• [Your goal]: Write again exactly the lines in the listing below, starting at the line with "1) PowerPoint деген" and ending at the line with "salve, ma le", both included. Pictures are not copied.

• [Dataset excerpts]:
---
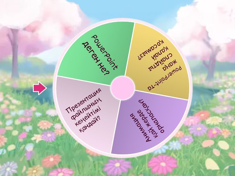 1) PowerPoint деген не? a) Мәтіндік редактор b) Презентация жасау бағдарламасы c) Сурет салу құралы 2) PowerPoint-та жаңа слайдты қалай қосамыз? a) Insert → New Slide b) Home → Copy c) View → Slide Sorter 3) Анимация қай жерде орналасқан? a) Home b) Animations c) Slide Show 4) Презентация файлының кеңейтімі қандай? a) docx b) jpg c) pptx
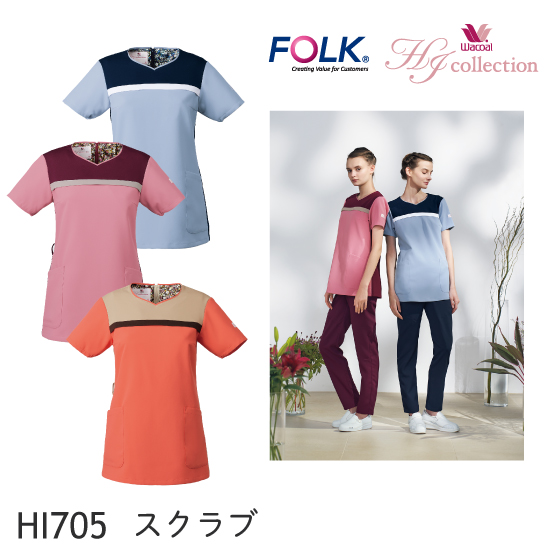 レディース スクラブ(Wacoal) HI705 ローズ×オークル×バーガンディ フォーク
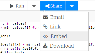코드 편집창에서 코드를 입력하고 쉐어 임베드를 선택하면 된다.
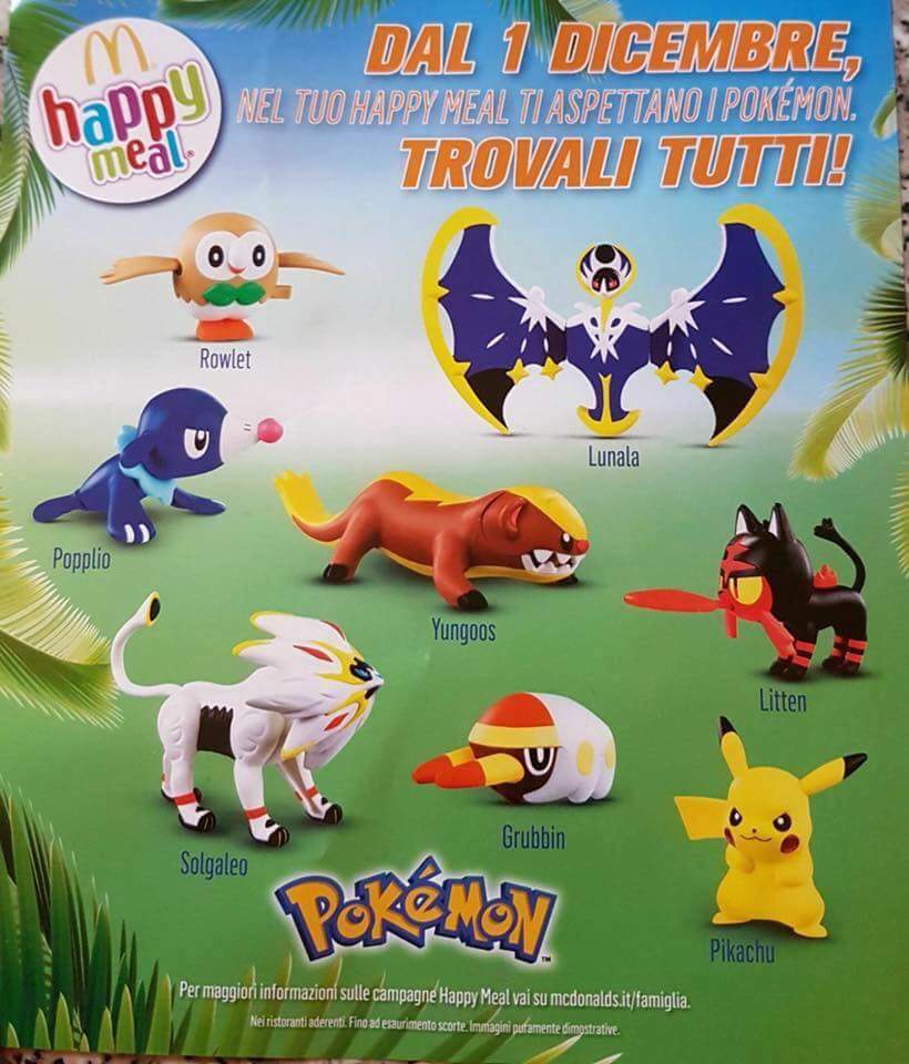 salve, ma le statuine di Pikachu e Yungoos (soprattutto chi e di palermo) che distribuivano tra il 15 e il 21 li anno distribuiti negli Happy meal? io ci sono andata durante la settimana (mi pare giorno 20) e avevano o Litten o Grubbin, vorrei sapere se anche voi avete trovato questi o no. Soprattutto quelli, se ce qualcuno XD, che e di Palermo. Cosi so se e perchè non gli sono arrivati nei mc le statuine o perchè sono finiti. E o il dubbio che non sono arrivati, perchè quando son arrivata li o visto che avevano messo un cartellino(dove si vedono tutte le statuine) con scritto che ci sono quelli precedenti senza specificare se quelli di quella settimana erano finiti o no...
---
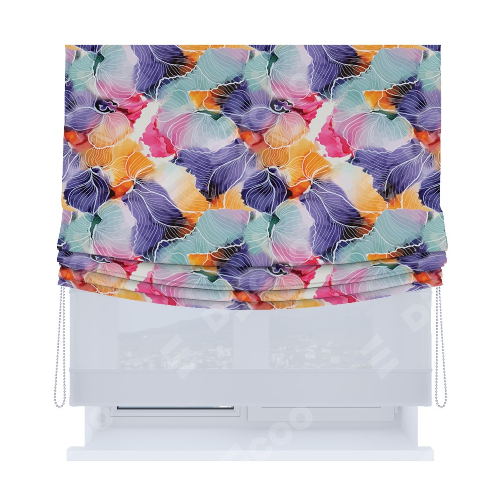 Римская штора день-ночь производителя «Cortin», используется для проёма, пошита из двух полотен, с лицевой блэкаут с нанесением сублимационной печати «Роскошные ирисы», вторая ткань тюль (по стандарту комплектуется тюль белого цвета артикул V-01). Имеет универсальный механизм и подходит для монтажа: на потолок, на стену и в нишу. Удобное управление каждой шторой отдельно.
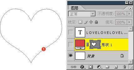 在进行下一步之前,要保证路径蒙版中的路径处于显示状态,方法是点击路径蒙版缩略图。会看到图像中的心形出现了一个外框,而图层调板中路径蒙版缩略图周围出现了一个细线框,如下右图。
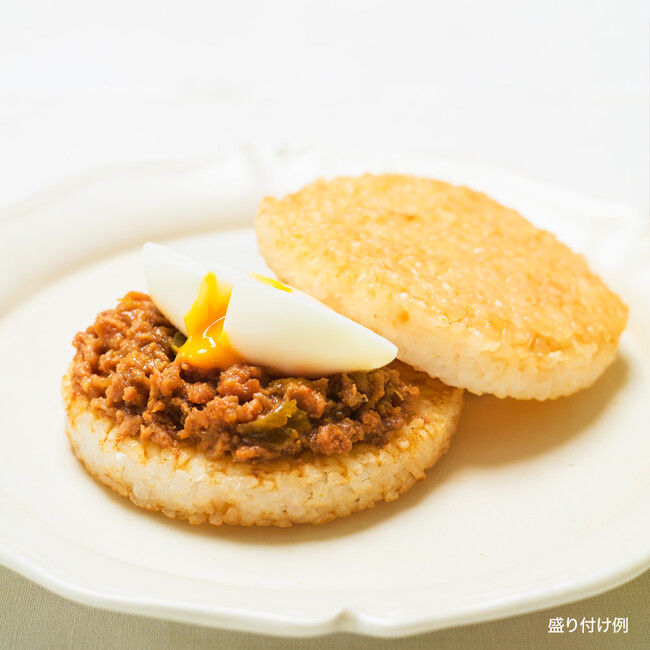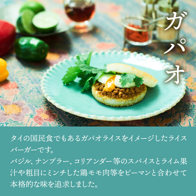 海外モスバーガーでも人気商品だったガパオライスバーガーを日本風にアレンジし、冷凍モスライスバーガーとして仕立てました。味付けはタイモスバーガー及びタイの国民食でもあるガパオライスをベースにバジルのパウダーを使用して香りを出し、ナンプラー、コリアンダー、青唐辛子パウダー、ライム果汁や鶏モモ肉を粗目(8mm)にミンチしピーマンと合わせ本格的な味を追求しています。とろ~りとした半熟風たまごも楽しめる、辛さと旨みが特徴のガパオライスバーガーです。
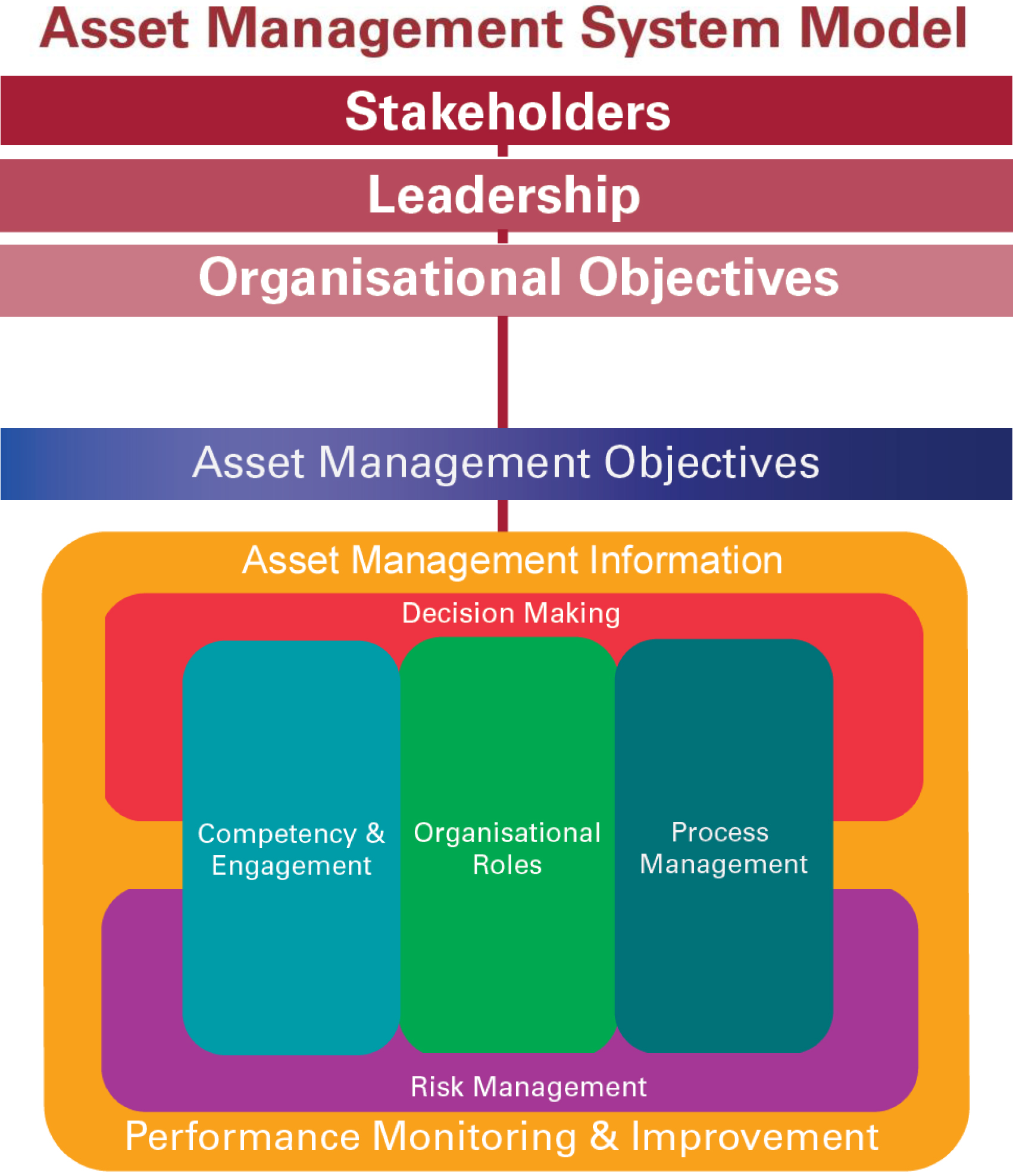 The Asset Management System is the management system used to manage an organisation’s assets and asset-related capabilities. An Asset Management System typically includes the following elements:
---
• [Answer space]:
 1) PowerPoint деген не? a) Мәтіндік редактор b) Презентация жасау бағдарламасы c) Сурет салу құралы 2) PowerPoint-та жаңа слайдты қалай қосамыз? a) Insert → New Slide b) Home → Copy c) View → Slide Sorter 3) Анимация қай жерде орналасқан? a) Home b) Animations c) Slide Show 4) Презентация файлының кеңейтімі қандай? a) docx b) jpg c) pptx
 レディース スクラブ(Wacoal) HI705 ローズ×オークル×バーガンディ フォーク
코드 편집창에서 코드를 입력하고 쉐어 임베드를 선택하면 된다.
 salve, ma le statuine di Pikachu e Yungoos (soprattutto chi e di palermo) che distribuivano tra il 15 e il 21 li anno distribuiti negli Happy meal? io ci sono andata durante la settimana (mi pare giorno 20) e avevano o Litten o Grubbin, vorrei sapere se anche voi avete trovato questi o no. Soprattutto quelli, se ce qualcuno XD, che e di Palermo. Cosi so se e perchè non gli sono arrivati nei mc le statuine o perchè sono finiti. E o il dubbio che non sono arrivati, perchè quando son arrivata li o visto che avevano messo un cartellino(dove si vedono tutte le statuine) con scritto che ci sono quelli precedenti senza specificare se quelli di quella settimana erano finiti o no...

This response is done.